**Assignment**
What you return should match the material below line for line, except that no image appears in it.

**Data excerpt**
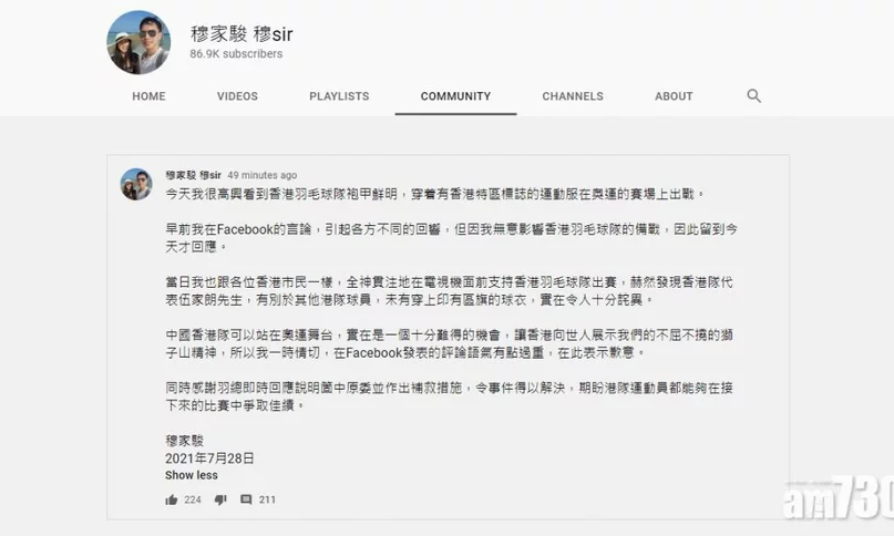 日前在fb發文「強烈譴責」出戰東京奧運的港隊羽毛球「一哥」伍家朗球衣無區徽的民建聯穆家駿在YouTube發文,首次就球衣事件表示歉意,指自己「一時情切」,在fb發表的評論語氣有點過重。
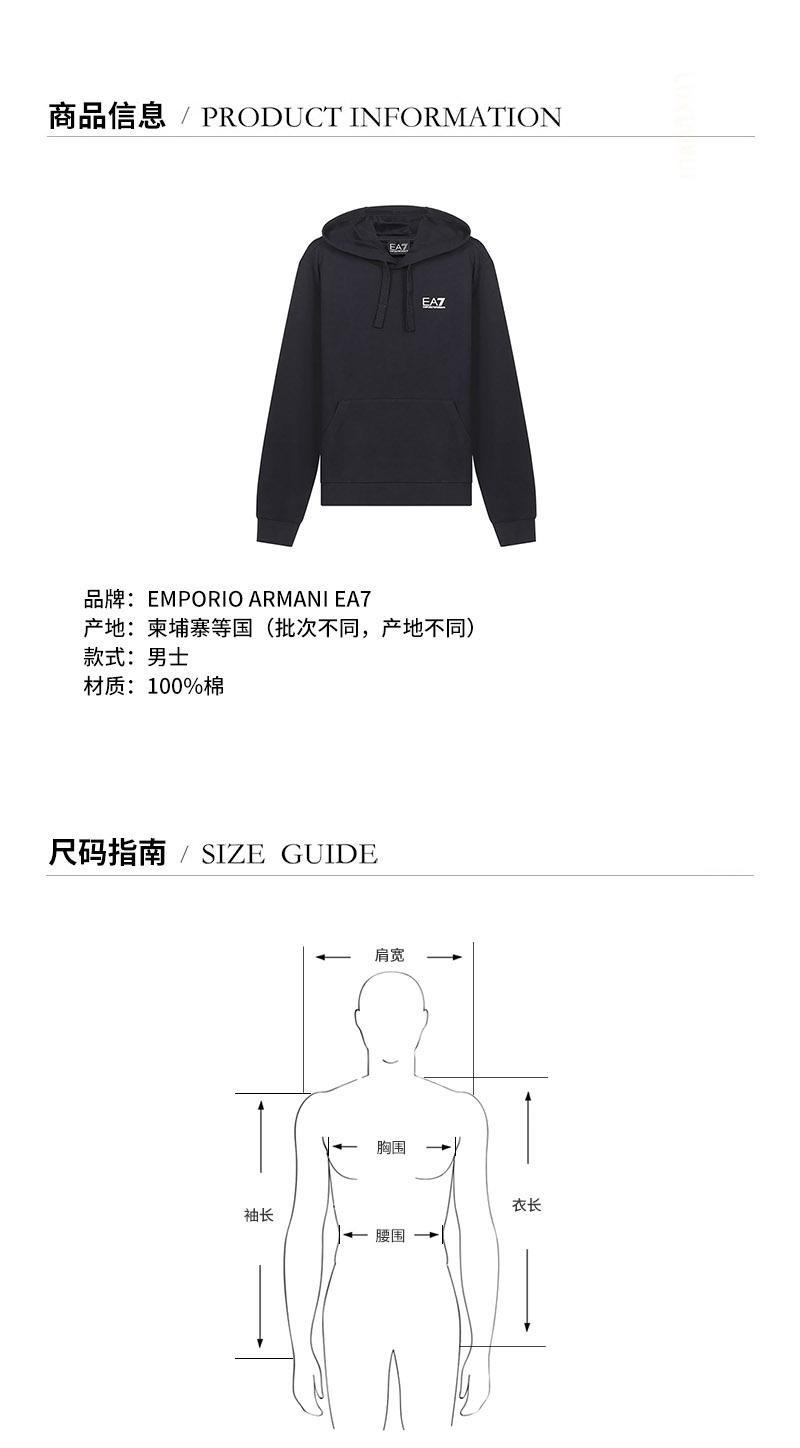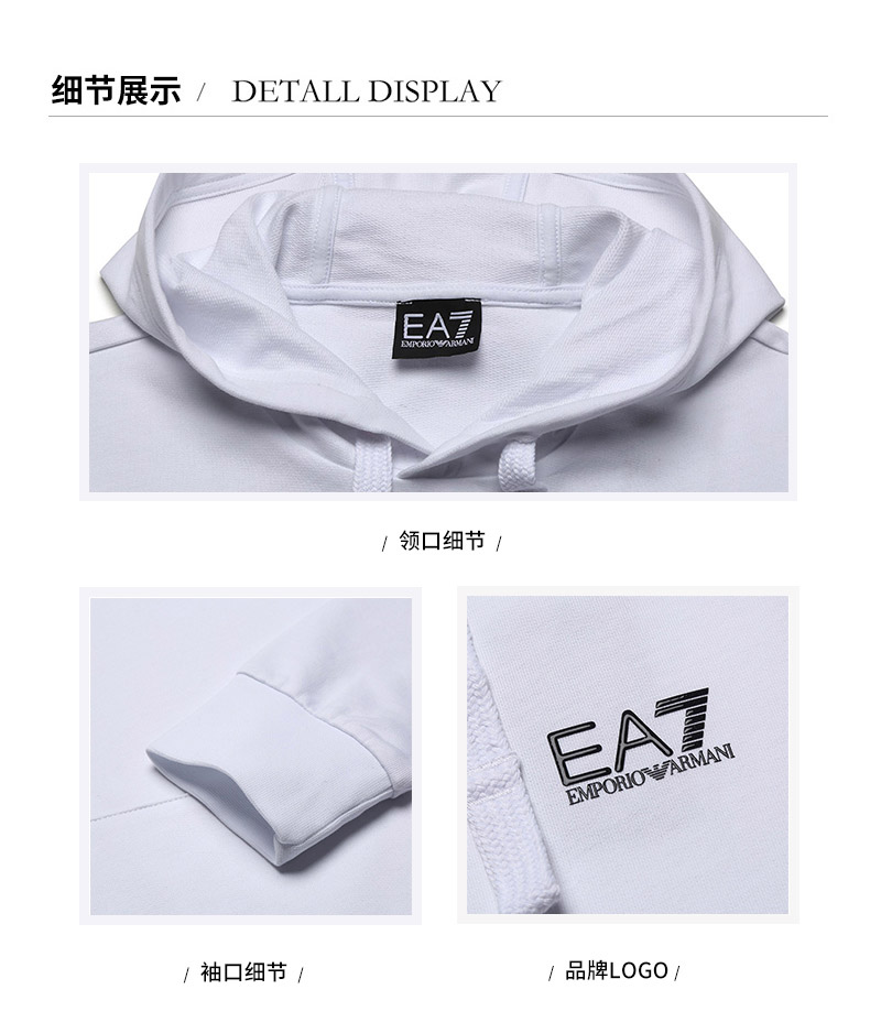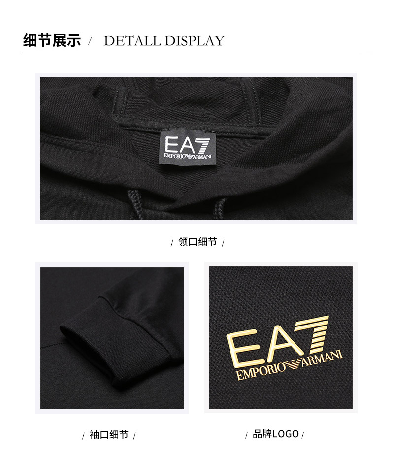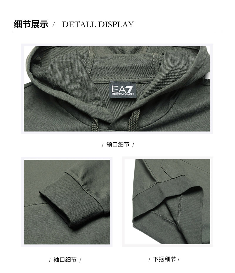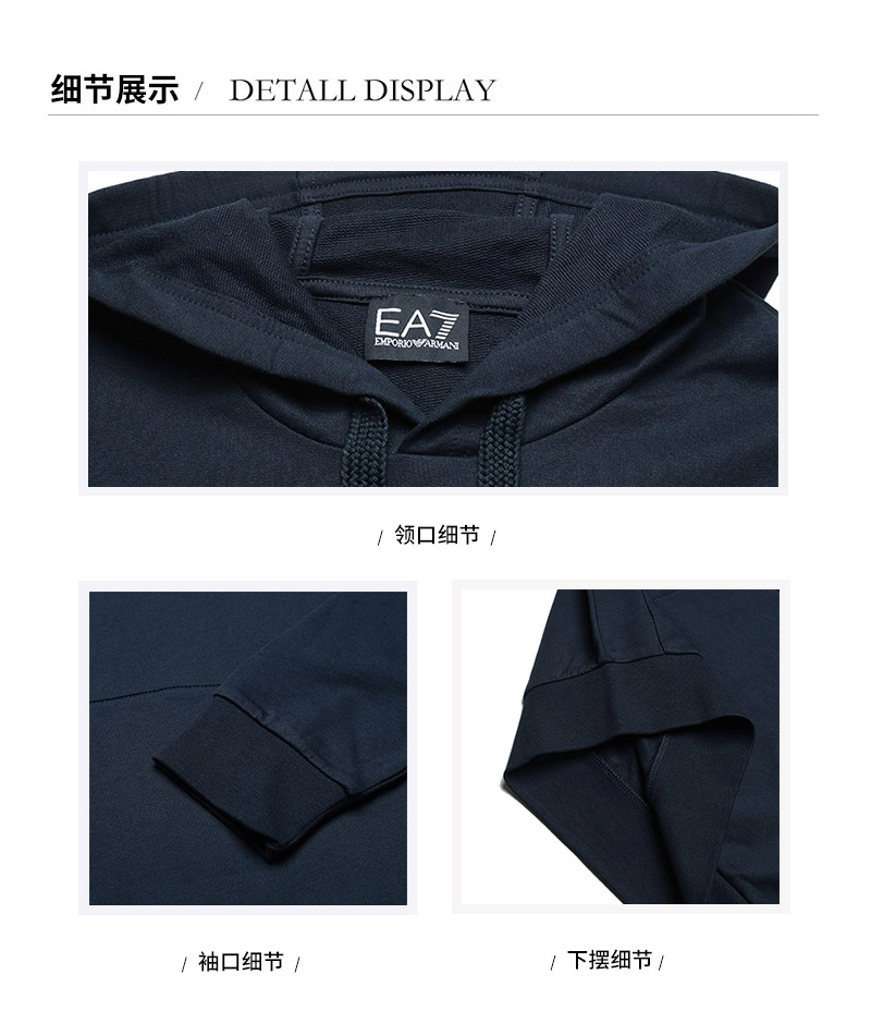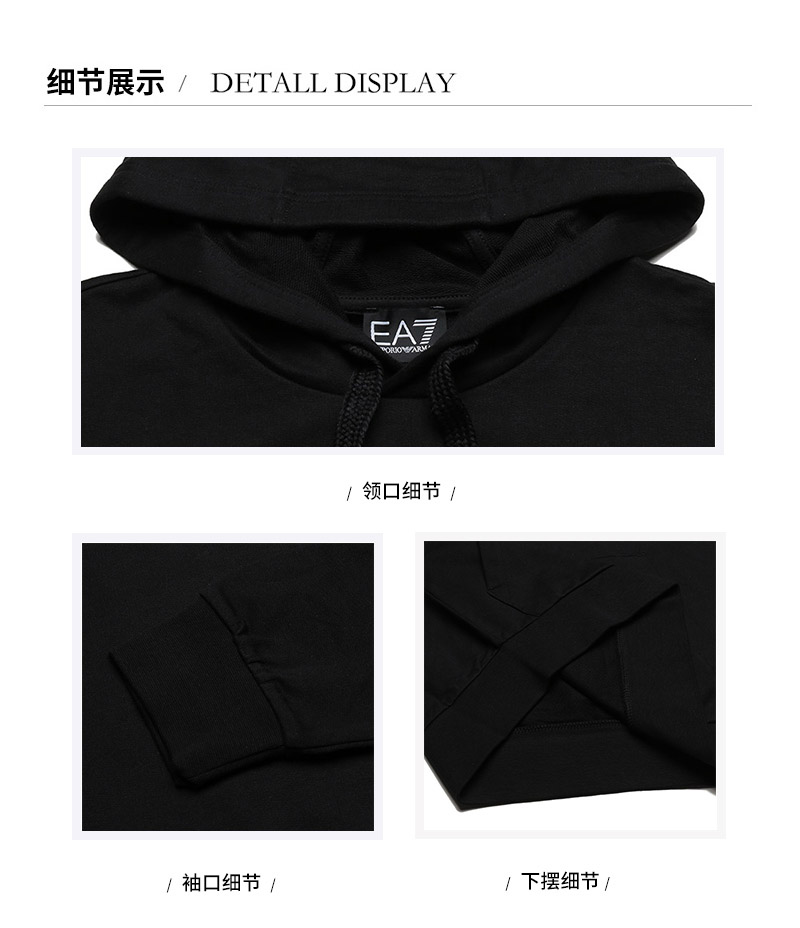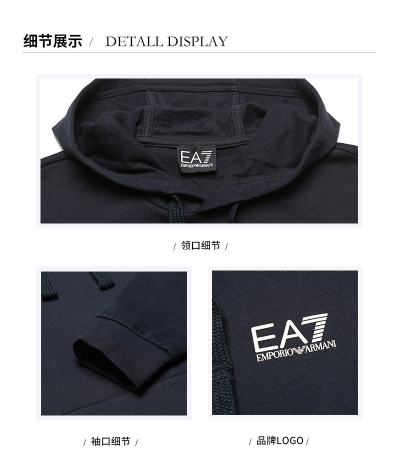 EA7/EA7男士棉质连帽长袖运动衫男卫衣 8NPM04 PJ05Z
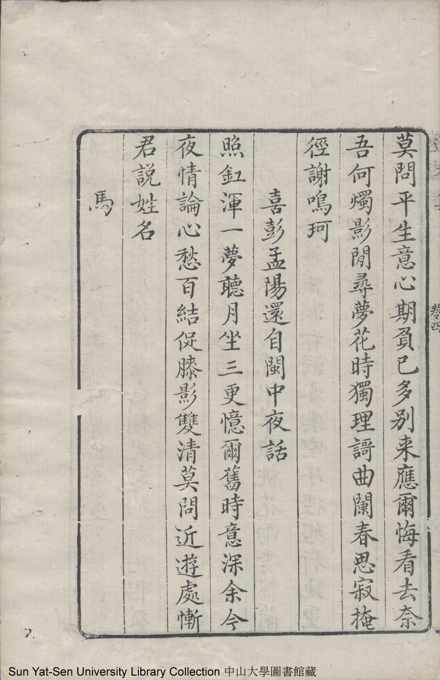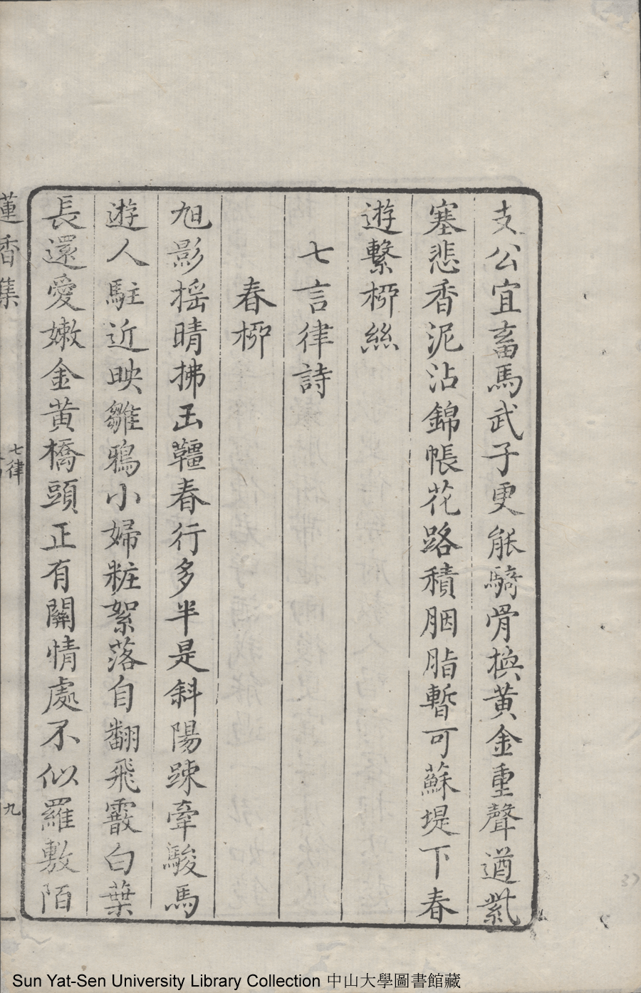 | (PRINT FRIENDLY VERSION) 蓮香集:五卷(明張喬撰)。清乾隆三十年(1765)順德梁釪重刻本 ![]() 頁碼 : 卷四9a | 点 击 放 大 | 蓮香集:五卷(明張喬撰)。清乾隆三十年(1765)順德梁釪重刻本![]() 頁碼 : 卷四8b | 点 击 放 大 | 返回 |

**Answer box**
 日前在fb發文「強烈譴責」出戰東京奧運的港隊羽毛球「一哥」伍家朗球衣無區徽的民建聯穆家駿在YouTube發文,首次就球衣事件表示歉意,指自己「一時情切」,在fb發表的評論語氣有點過重。
 EA7/EA7男士棉质连帽长袖运动衫男卫衣 8NPM04 PJ05Z
 | (PRINT FRIENDLY VERSION) 蓮香集:五卷(明張喬撰)。清乾隆三十年(1765)順德梁釪重刻本 ![]() 頁碼 : 卷四9a | 点 击 放 大 | 蓮香集:五卷(明張喬撰)。清乾隆三十年(1765)順德梁釪重刻本![]() 頁碼 : 卷四8b | 点 击 放 大 | 返回 |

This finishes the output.